** AVAILABLE DATA follows **

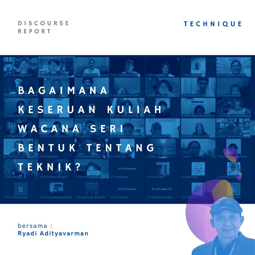 Berikut ini adalah transkrip diskusi yang terjadi pada saat berlangsungnya kelas wacana Form pada 11.08.2021, diisi oleh Ryadi Adityavarman, moderator: Realrich Sjarief, host: Satria A. Permana
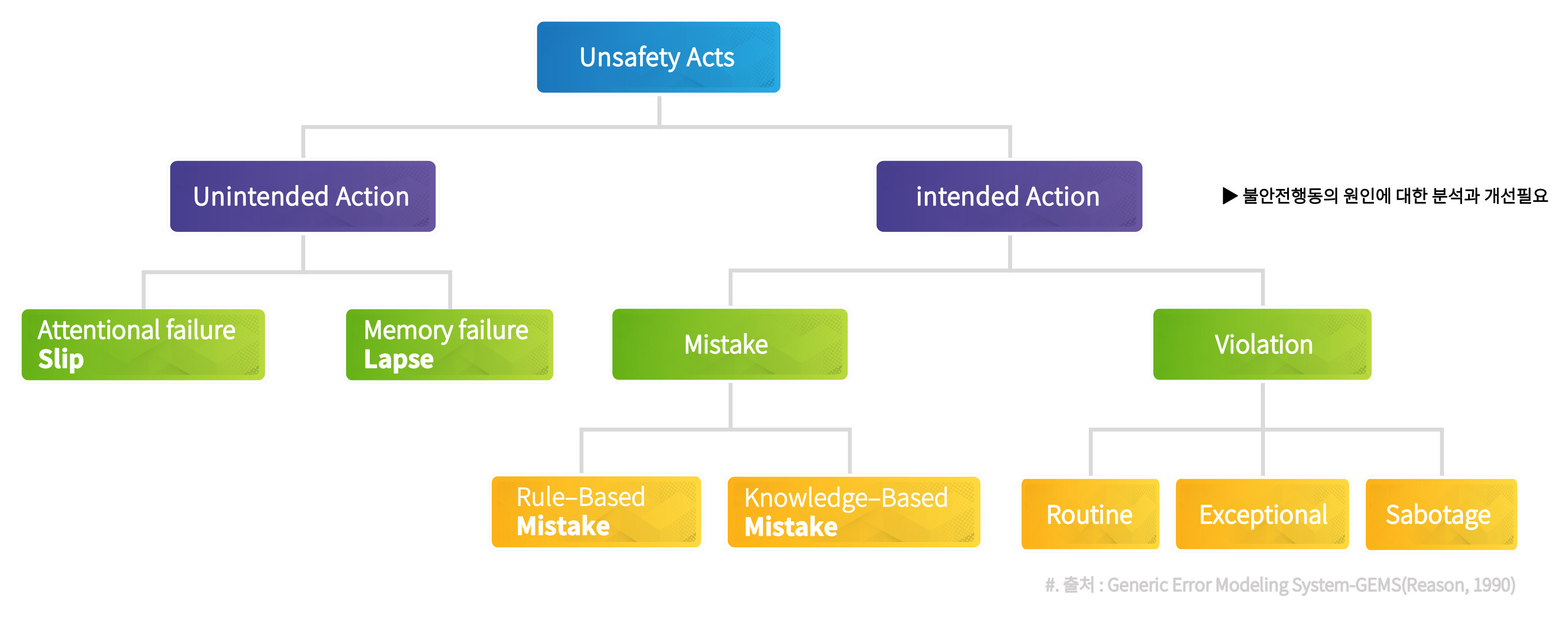 | 의도적 행동 | 규칙기반착오(Rule-Based Mistake) | 처음부터 잘못된 규칙을 기억하거나 정확한 규칙을 상황에 맞지 않게 적용 |
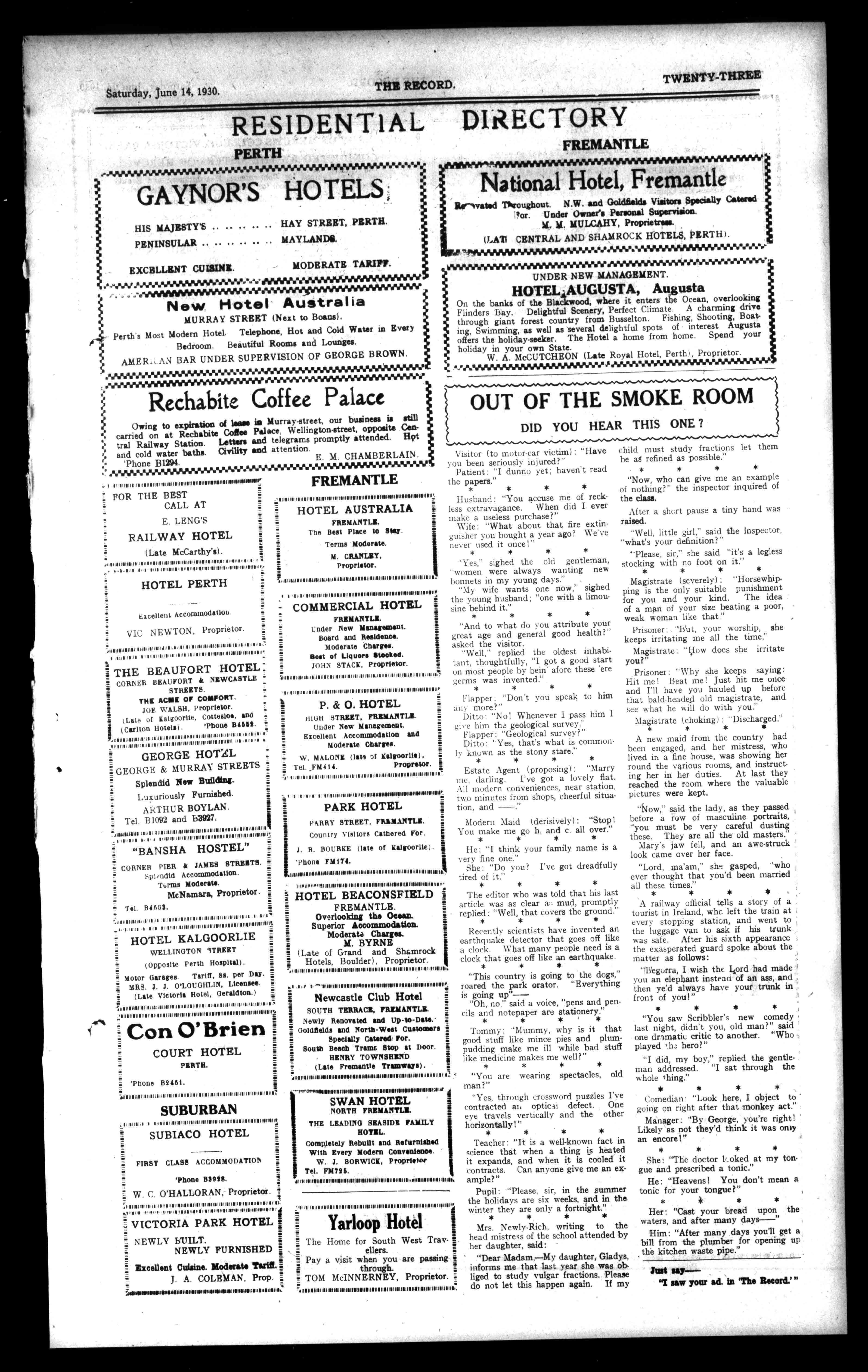 aFIRSTCLASSACCOMMODATION 'Phone511915. a W.C.O'HALLORAN,Proprietor. .44111141,11,4,44,16.41141111114111.14.114H21111111114,1,41, 4". 44,4.1i111P444.11,1114..14,11414.4.4-14 VICTORIAPARKHOTEL NEWLYh'UILT. NEWLYFURNISHED ExcellentCuisine.ModerateTariff.: J.A.COLEMAN,Prop.t fmaisusamsssiasssIssossisssissss,,ssess.susssussci' FREMANTLE OUVIWOWIHSWOMMOIMIHOINOWIlfillifUlHOHONIMIII; = T HOTELAUSTRALIA i-. FREMANTLE. TheBestPlacetoStay. N. CFLAN Proprietor. TermsModerate. ILIHSViii1.1140011111310111114111111111111111141131111111111111111,16 ,,,Ainlu.111101HIIIIHOH1111111111.1H2Olni.408119.1.! COMMERCIALHOTEL FREMANTLE. UnderNewManagement. BoardandResidence. ModerateCharges. 2 BeatofLiquorsCooked. JOHNSTACK,Proprietor. ihumeseueesusounieletesueniesmuleelemaepolvidoeuf!. 11,1111111,1801i411111111.1.111111111111111111,1111411,111011111111H, P.&0.HOTEL muttSTREET,FREMANTLE. UnderNewManagement. ExcellentAccommodationand g ModerateCharges. W.MALONE(latiofKalgoorlie), = Tel..FM41I. Propretor.5 7a-i 4iliii ill111111141111111,4111111,1114111111111111111111111111411e. I iiiiiifilllimin9.1P111108,1141111111111111911141,141.111L PARKHOTEL PARRYSTREET,FREMANTLE. CountryvisitorsCatheredFor, J.R.BOURKE(lateofKalgoorlie) 'PhoneFM174. alusesususesessmionsimeilsesusofesususesueutesull HOTELBEACONSFIELDI FREMANTLE. 6: OverlookingtheOcean. a SuperiorAccommodation. ii ModeratoCharges. I M.BYRNE (LateofGrandandShamrock 3 Hotels,Boulder),Proprietor. :,,s,issIsssmississossissmisssiisistssisilnii,s,srinsiat,

** End of AVAILABLE DATA **

Please retype the material above exactly, and omit its images.

* _ANSWER SECTION_
 Berikut ini adalah transkrip diskusi yang terjadi pada saat berlangsungnya kelas wacana Form pada 11.08.2021, diisi oleh Ryadi Adityavarman, moderator: Realrich Sjarief, host: Satria A. Permana
 | 의도적 행동 | 규칙기반착오(Rule-Based Mistake) | 처음부터 잘못된 규칙을 기억하거나 정확한 규칙을 상황에 맞지 않게 적용 |
 aFIRSTCLASSACCOMMODATION 'Phone511915. a W.C.O'HALLORAN,Proprietor. .44111141,11,4,44,16.41141111114111.14.114H21111111114,1,41, 4". 44,4.1i111P444.11,1114..14,11414.4.4-14 VICTORIAPARKHOTEL NEWLYh'UILT. NEWLYFURNISHED ExcellentCuisine.ModerateTariff.: J.A.COLEMAN,Prop.t fmaisusamsssiasssIssossisssissss,,ssess.susssussci' FREMANTLE OUVIWOWIHSWOMMOIMIHOINOWIlfillifUlHOHONIMIII; = T HOTELAUSTRALIA i-. FREMANTLE. TheBestPlacetoStay. N. CFLAN Proprietor. TermsModerate. ILIHSViii1.1140011111310111114111111111111111141131111111111111111,16 ,,,Ainlu.111101HIIIIHOH1111111111.1H2Olni.408119.1.! COMMERCIALHOTEL FREMANTLE. UnderNewManagement. BoardandResidence. ModerateCharges. 2 BeatofLiquorsCooked. JOHNSTACK,Proprietor. ihumeseueesusounieletesueniesmuleelemaepolvidoeuf!. 11,1111111,1801i411111111.1.111111111111111111,1111411,111011111111H, P.&0.HOTEL muttSTREET,FREMANTLE. UnderNewManagement. ExcellentAccommodationand g ModerateCharges. W.MALONE(latiofKalgoorlie), = Tel..FM41I. Propretor.5 7a-i 4iliii ill111111141111111,4111111,1114111111111111111111111111411e. I iiiiiifilllimin9.1P111108,1141111111111111911141,141.111L PARKHOTEL PARRYSTREET,FREMANTLE. CountryvisitorsCatheredFor, J.R.BOURKE(lateofKalgoorlie) 'PhoneFM174. alusesususesessmionsimeilsesusofesususesueutesull HOTELBEACONSFIELDI FREMANTLE. 6: OverlookingtheOcean. a SuperiorAccommodation. ii ModeratoCharges. I M.BYRNE (LateofGrandandShamrock 3 Hotels,Boulder),Proprietor. :,,s,issIsssmississossissmisssiisistssisilnii,s,srinsiat,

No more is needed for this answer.